Eurostat’s Press release states clearly that, “Euro area annual inflation was 0.5% in May 2014, down from 0.7% in April. A year earlier the rate was 1.4%. Monthly inflation was -0.1% in May 2014. European Union (EU 28) annual inflation was 0.6% in May 2014, down from 0.8% in April. A year earlier the rate was 1.6%. Monthly inflation in the EU was -0.1% in May 2014”. This is the second estimate by the EU statistical service for the May inflation. Two weeks ago it had accurately predicted this variable; at the end of last month it had released its flash estimate for May 2014 also at 0.5%.

This is not the only frightening finding of Eurostat. Yesterday’s Press release came across the inflation rate for ‘Non-energy industrial goods’ for May at a straight 0.0%. This newspaper has repeatedly observed that this category of consumer products constitute the heart of any developed economy. Those products embody the core developments of costs and pricing and set the pace for the entire system.

European Sting had noticed it

In 1 October last year the European Sting writer Elias Lacon remarked that “Unfortunately, the sector is clearly in a state or close to disinflation. According to Eurostat, price changes of non-energy industrial goods during September 2013, was restricted to only 0.3%. Subdue price changes have been haunting the sector for quite some time. All along this year the relevant inflation sub index falls steadily from slightly below the unit to a mere 0.3% in September. The reasons for this development might be a weak demand or production overcapacity or both. Whatever the causes, the fact is that this core sector of Eurozone’s economy is heading or already has entered in a disinflationary spiral”.

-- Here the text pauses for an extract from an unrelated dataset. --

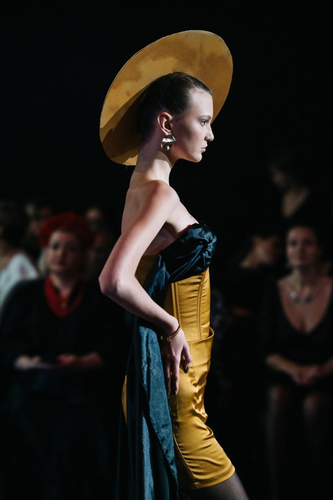Российские дизайнеры вплетают в этот контекст собственный код — локальные мотивы, вышивку, павлопосадские узоры, кружева, кокошники в современной интерпретации. Эта связь с корнями не просто украшает коллекции, она делает их узнаваемыми на фоне мировых брендов и подчёркивает идею устойчивого, вдумчивого подхода к моде — когда платье создаётся не «на сезон», а на вне времени.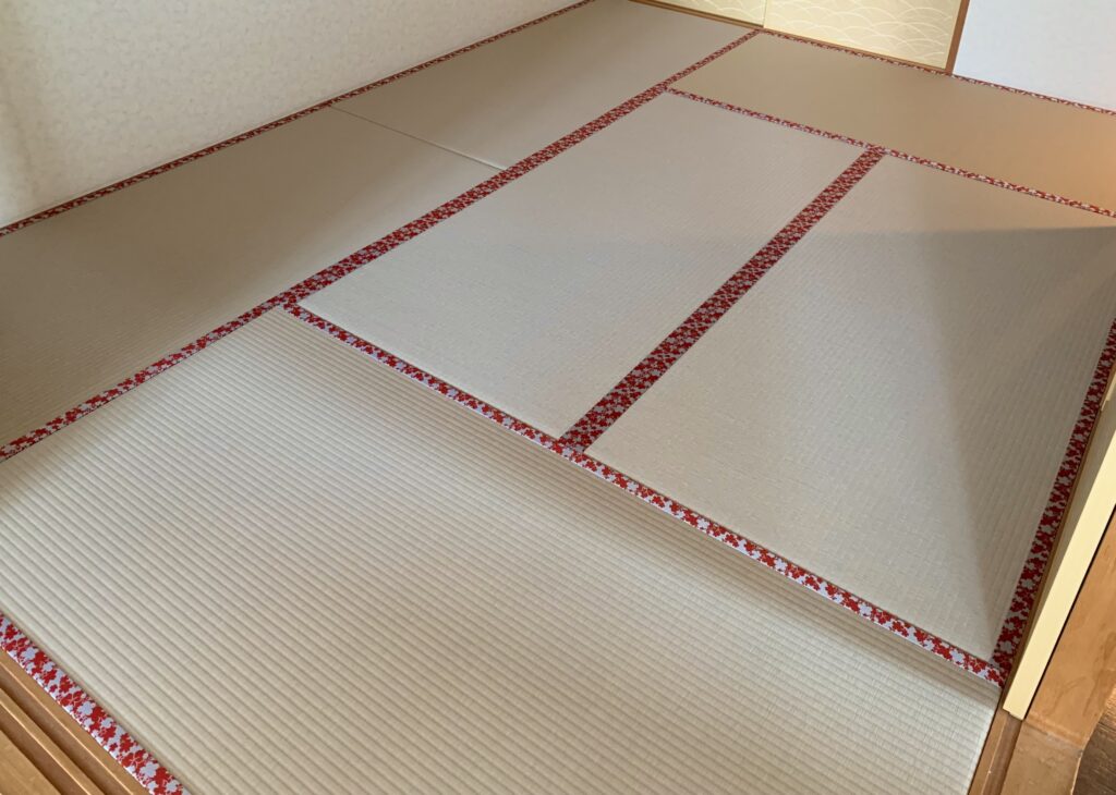 【和紙の畳表】堺市北区のお客様 大阪の畳 桂畳工房 施工例 2026.03.30 堺市北区のお客様よりご依頼いただいたのは 和紙でできた畳表。 こちらの畳表は和紙をこより上にして織りあげた畳表です。 灰桜色 いろんなカラーがありいろんな畳ヘリを使用して とてもモダンなお部屋にすることができます。 またカビの生えにくい畳表として人気があります。 モダンなおしゃれなお部屋にお客様も大変お喜びいただけました❗️ ありがとうございました😊 ※過去PIC

There is no doubt that Eurozone is heading towards the deflation area (negative inflation), given that the current tendency towards disinflation (falling but still positive inflation rate) seems to have a lot more way to go. If one doesn’t believe what Elias Lacon stated many months ago, one has better give a thought to what happened in the last meeting of ECB’s Governing Council on 5 June. On that day, Mario Draghi, the ECB President, repeatedly confirmed that the central bank governors decision (while adopting the extraordinary monetary measures to support the Eurozone economy) was in unanimity.

Why unanimity?

This means the two German central bankers participating in this Council, Sabine Lautenschläger Member of the Executive Board of the ECB and Jens Weidmann President of Deutsche Bundesbank, both voted yes. It would have been unthinkable for the two German bankers to accept those unprecedented measures, if they didn’t possess strong evidence provided by Eurostat and the ECB, proving that Eurozone could be heading to deflation or it is to be haunted by very low inflation for a very long period. Of course stagnation would accompany Eurozone all along this dangerous path.

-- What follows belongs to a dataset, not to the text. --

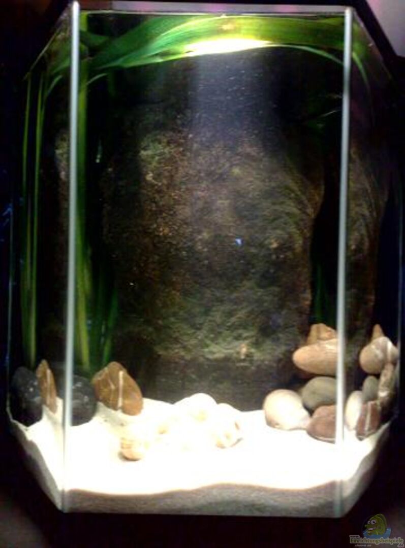 °°~~ °° Hierbei handelt es sich um ein Sechseck - Becken... °°~~°° °°~~°° Ohne die Deko °°~~°° den ´kleinen´ Felsen °°~~°° Sand °°°~~°° und die Steinaufbauten, fasst es 89 Liter °°~~°° jedoch braucht der Granit-Felsen ziemlich Platz und deshalb pendelt es sich bei ca. 70 Liter ein... °°~~°° Die Gestaltung erwies sich schwieriger als ich gedacht habe °°~~°° jedoch bin ich jetzt mit dem Ergebnis sehr zufrieden °°~~°° °°~~°° Das Becken befindet [...]

At the same time, the German Minister of Finance and architect of his country’s overall economic strategy in Eurozone, Wolfgang Schäuble, had openly demanded an increase of interest rates, despite the reduction the ECB had just decided. If the two German bankers didn’t possess strong evidence to contradict Schäuble’s argument over monetary policy, they would have denied the measures. Instead, the reduction of the interest rates and the extraordinary monetary actions were adopted unanimously by the central bank’s Governing Council, including the two German votes.

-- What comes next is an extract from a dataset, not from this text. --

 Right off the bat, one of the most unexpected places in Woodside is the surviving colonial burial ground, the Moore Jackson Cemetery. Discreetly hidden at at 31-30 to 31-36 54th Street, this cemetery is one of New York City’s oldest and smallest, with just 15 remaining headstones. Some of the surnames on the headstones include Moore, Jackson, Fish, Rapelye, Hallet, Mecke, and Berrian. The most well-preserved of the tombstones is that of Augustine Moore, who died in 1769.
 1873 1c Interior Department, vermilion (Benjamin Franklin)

All this above analysis proves beyond reasonable doubt the existence of evidence that Eurozone is heading towards a very long period of close to zero inflation or even deflation. Hopefully, the extraordinary instruments just adopted by the ECB and probably more of the same kind being ready in the pipeline, will change all that. The much-needed resumption of economic activities however should be substantive and start bringing down the dreadful unemployment rates which presently plague more than half Eurozone. Otherwise, the entire single money edifice may start declining soon, even in the political level.